What this task involves
Restate all data exactly. No images.

Supplied material
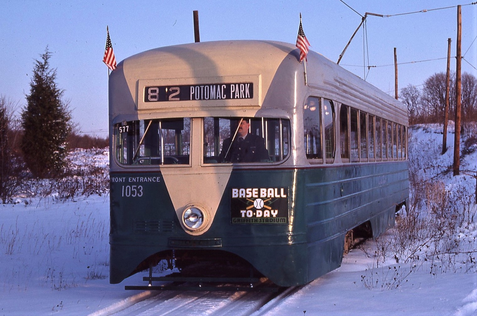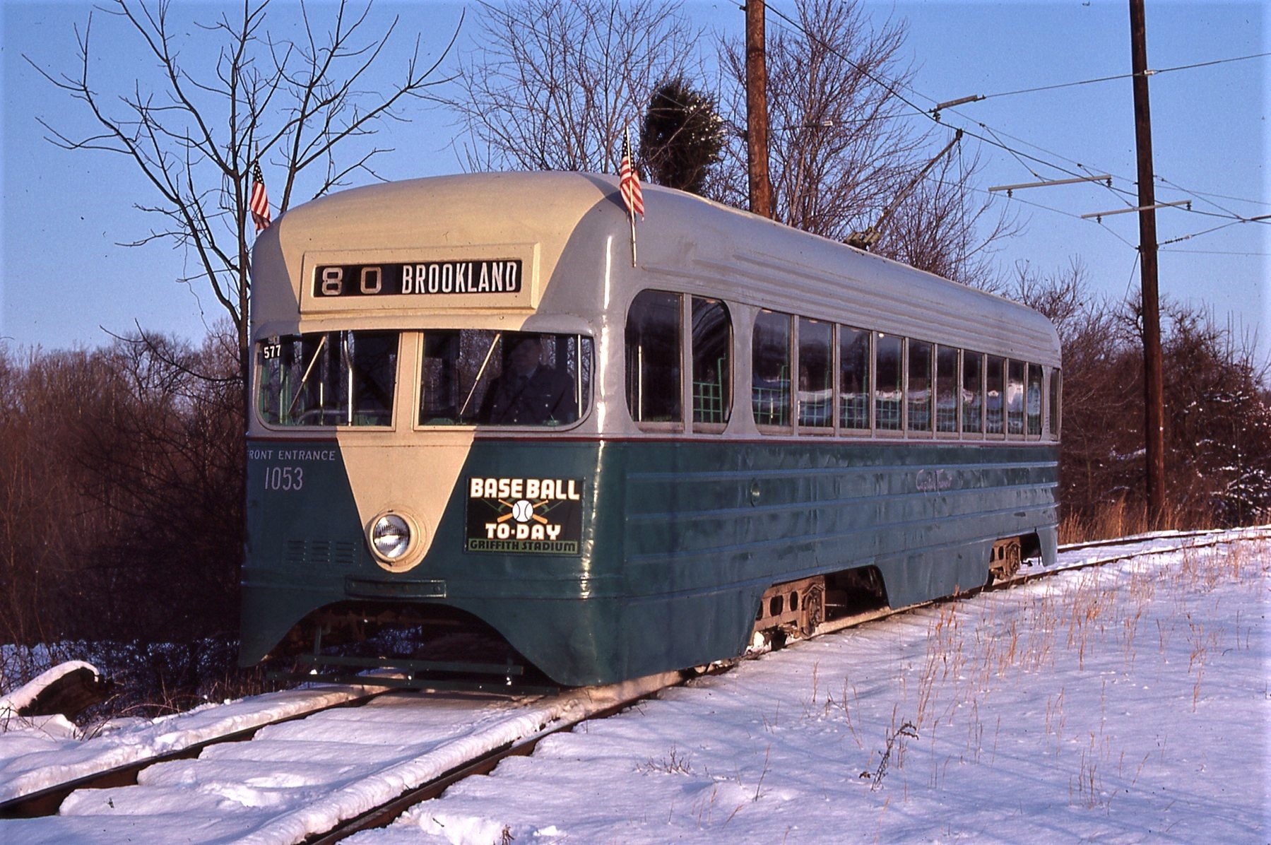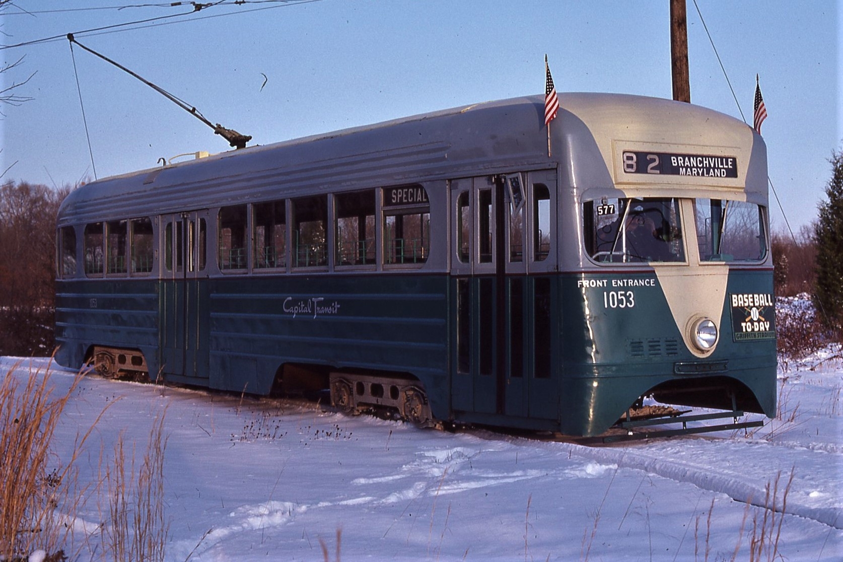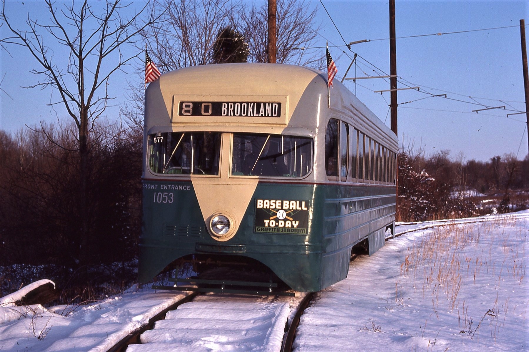 NCTM, Wheaton MD, Fish Hook Siding, #1053, Ex-DCTS, 1935 Express, Pre-PCC, St. Louis Car Co. Taken Feb. 16, 1985 - #87
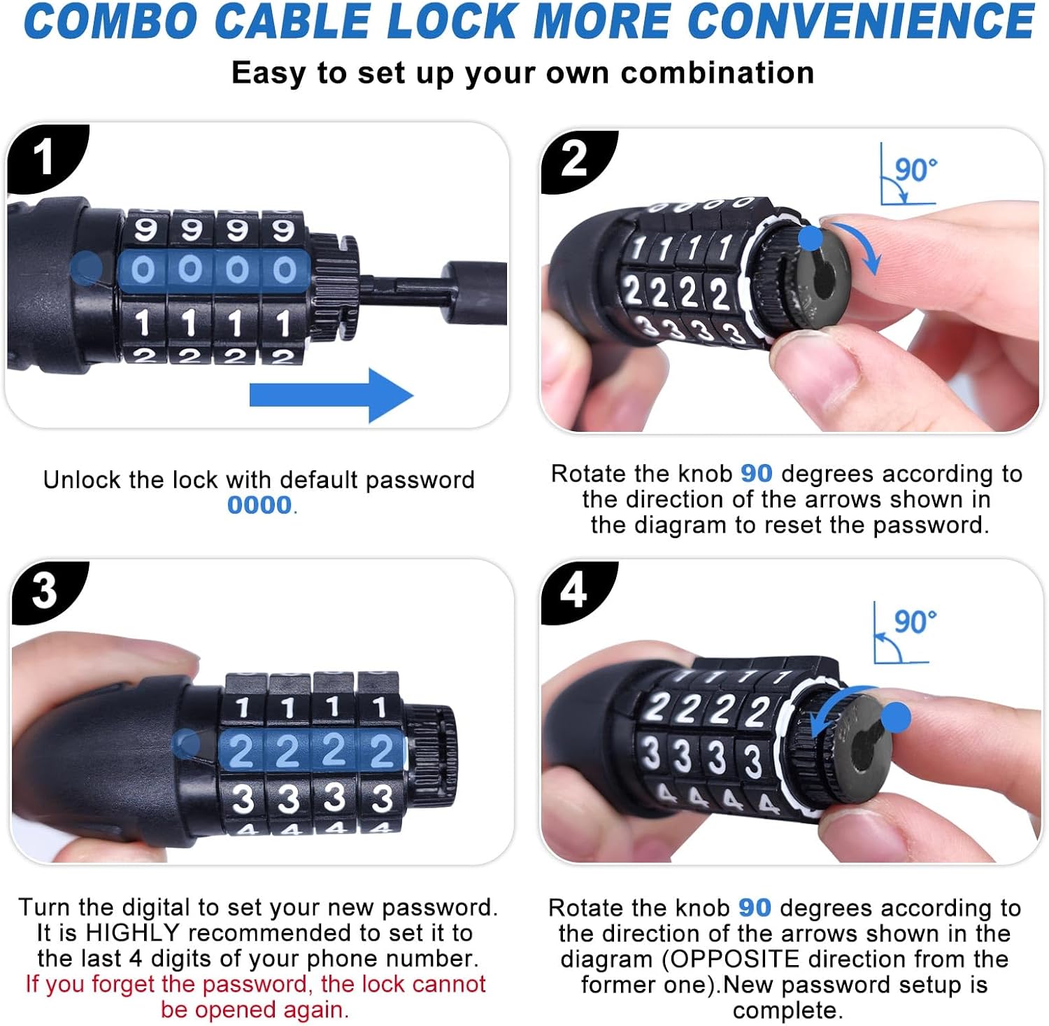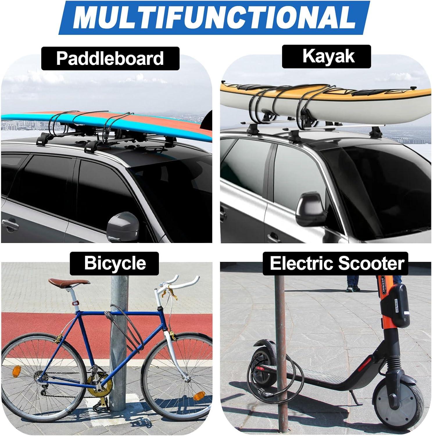 Extra long bike lock can secure a wide range of items such as kayaks, paddle boards, jet skis, surfboard, outdoor equipment, grills, camping equipment, generators, lawn mowers, canoes, golf carts, bicycles, electric scooters, scooter, beach chair, surge protector, trolling motor, ladder, fences, patio furniture, backyard gate, etc.
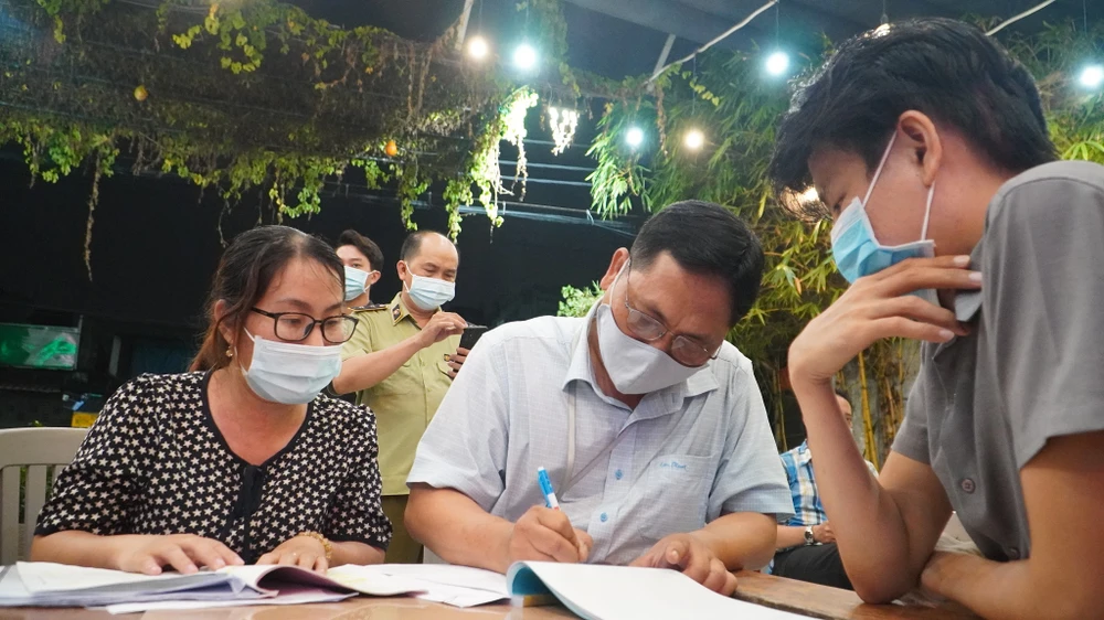 Đoàn kiểm tra liên ngành VHXH quận Bình Thạnh đột xuật kiểm tra một số hàng quán ngay trong đêm. Ảnh: MINH TÂM
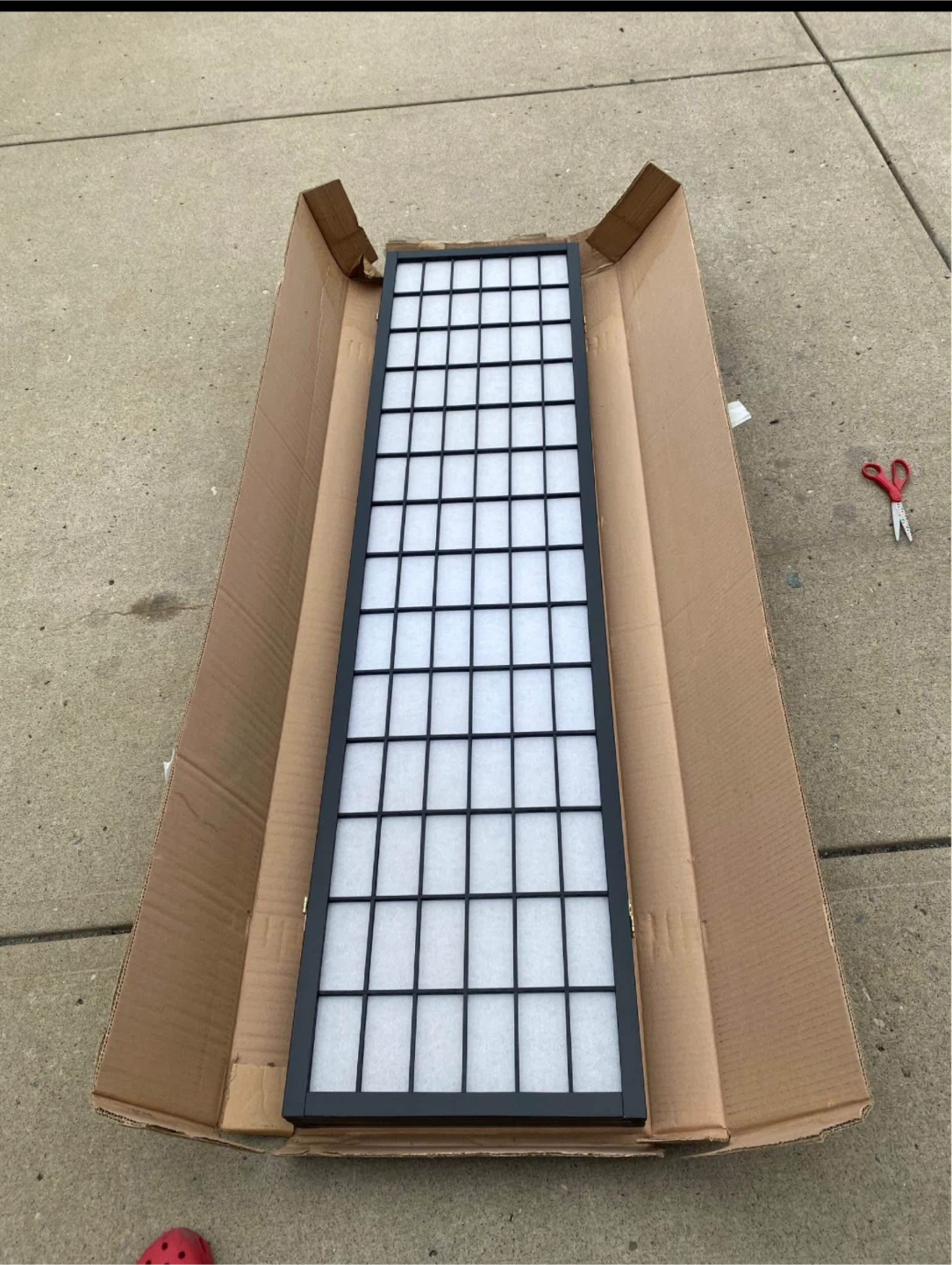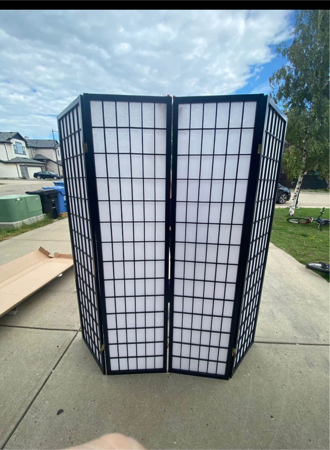 Selling a folding room divider! It has a black frame and a nice design. Great for adding some privacy or dividing up a space. It comes with the original box

Result below
 NCTM, Wheaton MD, Fish Hook Siding, #1053, Ex-DCTS, 1935 Express, Pre-PCC, St. Louis Car Co. Taken Feb. 16, 1985 - #87
 Extra long bike lock can secure a wide range of items such as kayaks, paddle boards, jet skis, surfboard, outdoor equipment, grills, camping equipment, generators, lawn mowers, canoes, golf carts, bicycles, electric scooters, scooter, beach chair, surge protector, trolling motor, ladder, fences, patio furniture, backyard gate, etc.
 Đoàn kiểm tra liên ngành VHXH quận Bình Thạnh đột xuật kiểm tra một số hàng quán ngay trong đêm. Ảnh: MINH TÂM
 Selling a folding room divider! It has a black frame and a nice design. Great for adding some privacy or dividing up a space. It comes with the original box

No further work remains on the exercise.